His art was shown in galleries in New York, New Jersey, and Maine. In spite of his choice to permanently reside on the East Coast, Grammer remained in the public eye in his hometown of Fort Worth all of his life. He exhibited work in the juried Fort Worth Local Artists Show (later renamed Annual Exhibition of Painting and Sculpture by Artists of Tarrant County) almost every year from 1944 to 1967 and won several awards. The Fort Wort Art Association hosted two solo exhibitions of Grammer’s work at the Fort Worth Art Center in 1956 and 1963. The Fifth Avenue Gallery, co-owned by Fort Worth Circle artist Bror Utter, invited George Grammer to join its stable of Fort Worth artists at the gallery’s inception in 1959. Gallery-in-the-Square in Fort Worth showcased the work of George Grammer beginning in 1966 and organized two solo exhibitions—one in late 1966 and a second exhibit in the spring 1969. Texas Painting and Sculpture: 20th Century, a touring exhibition designed to showcase a wide range of twentieth-century Texas art, traveled the Lone Star State in 1971 and 1972. Included was George Grammer’s 1952 work, Oil Derricks at Night, a descendant of his earlier Derricks by Night painting. In spring 1979 the New Gallery in Fort Worth included works by Grammer in an exhibition of paintings. In mid-1980 the New Gallery organized a two-person exhibition comprised of paintings by Grammer and sculptures by Gene Owens. The same gallery, by then called the Fort Worth Gallery, hosted a solo exhibit of works by Grammer in 1984.

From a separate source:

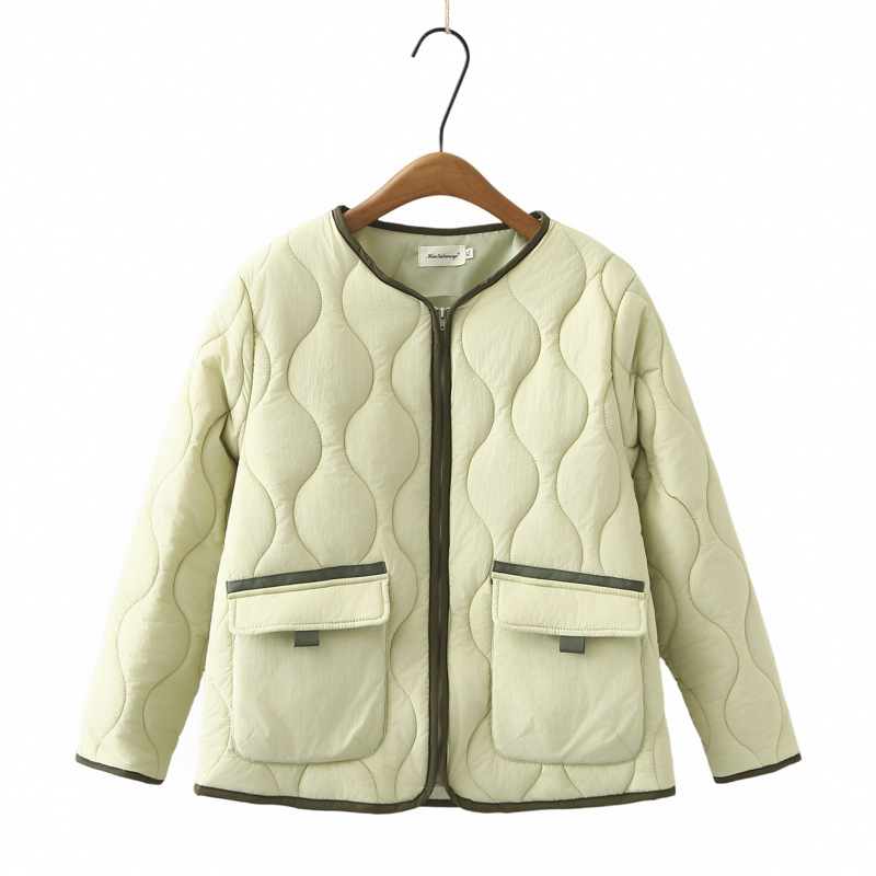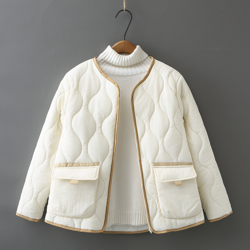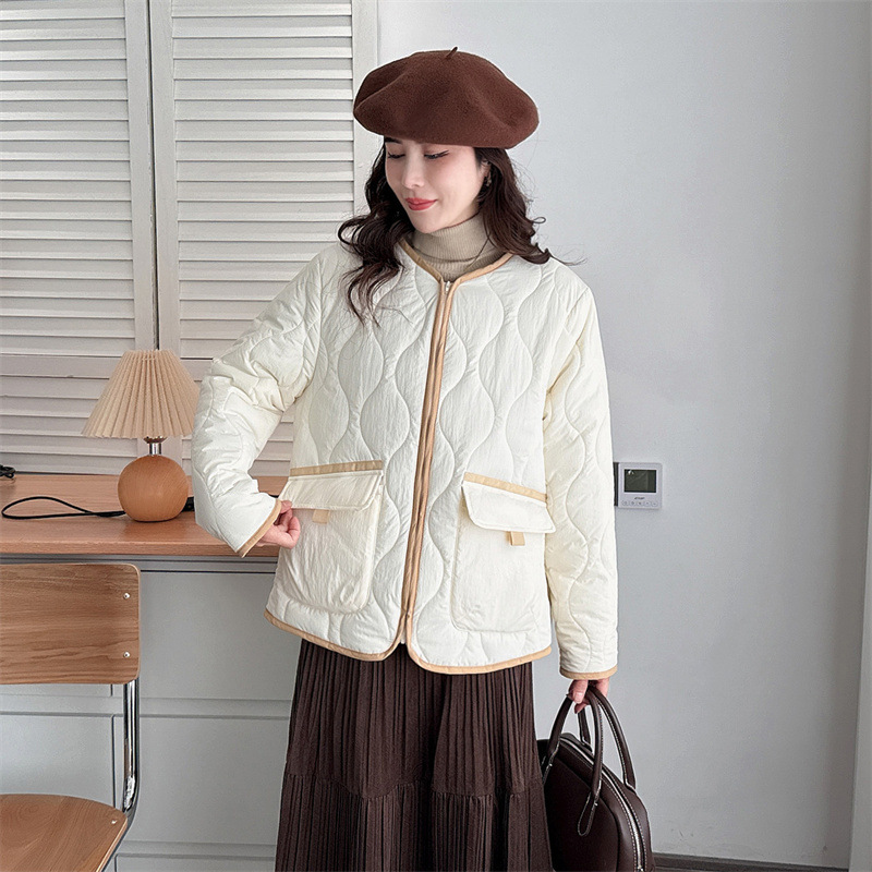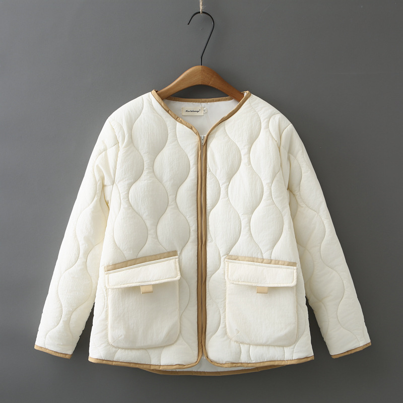 2023秋冬菱形格大码薄棉服女翻领简约百搭棉外套显瘦胖妹棉衣236
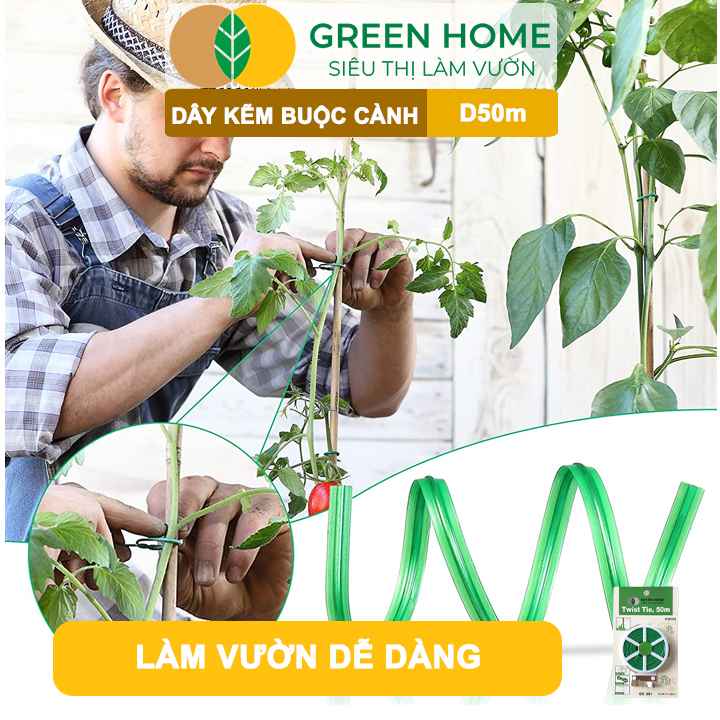 ✨Dây Buộc Cành GreenHome, Dài 50m, Kẽm Bọc Nhựa, Tích Hợp Đầu Cắt Tiện Lợi, Cố Định Thân Cây, Làm Giàn Leo

Moon Through a Winter Tree (1957). An example of Grammer's treatment of natural subjects. Image available on the Internet and included in accordance with Title 17 U.S.C. Section 107.
In 1986 the Old Jail Art Center in Albany, Texas, organized Beyond Regionalism: The Fort Worth School (1945–1955): A Texas Sesquicentennial Exhibition, presenting works by members of the Fort Worth Circle. This exhibition marked the first attempt by a Texas museum to codify the membership of the Circle and present a broad sampling of art associated with its heyday. Three paintings by Grammer from the years 1950 to 1952 were included in this exhibit.

In 2002 David Dike Fine Art in Dallas held a two-person exhibition, featuring works by Grammer and José Cisneros. In 2008 Grammer’s art was included in Intimate Modernism: Fort Worth Circle Artists in the 1940s, a retrospective exhibition organized by the Amon Carter Museum of American Art. The Old Jail Art Center featured his work in a solo exhibition, Texas Moderns: George Grammer, in 2014. In April 2017 his Fort Worth alma mater, Texas Wesleyan University, presented the retrospective exhibit George Grammer: Full Circle.

Paintings by Grammer are represented in the permanent collections of the Amon Carter Museum of American Art, Dallas Museum of Art, Longview Museum of Fine Arts, Modern Art Museum of Fort Worth, Old Jail Art Center, and San Antonio Art League & Museum.

Throughout his life after his move to New York, Grammer made frequent trips to Texas to visit family and friends, maintain gallery representation, and attend numerous art-related events. George Grammer died at the age of ninety in a hospital in New York City on May 20, 2019. He outlived his wife, June, by twenty-five years. He was the youngest member of the Fort Worth Circle and the last to pass away.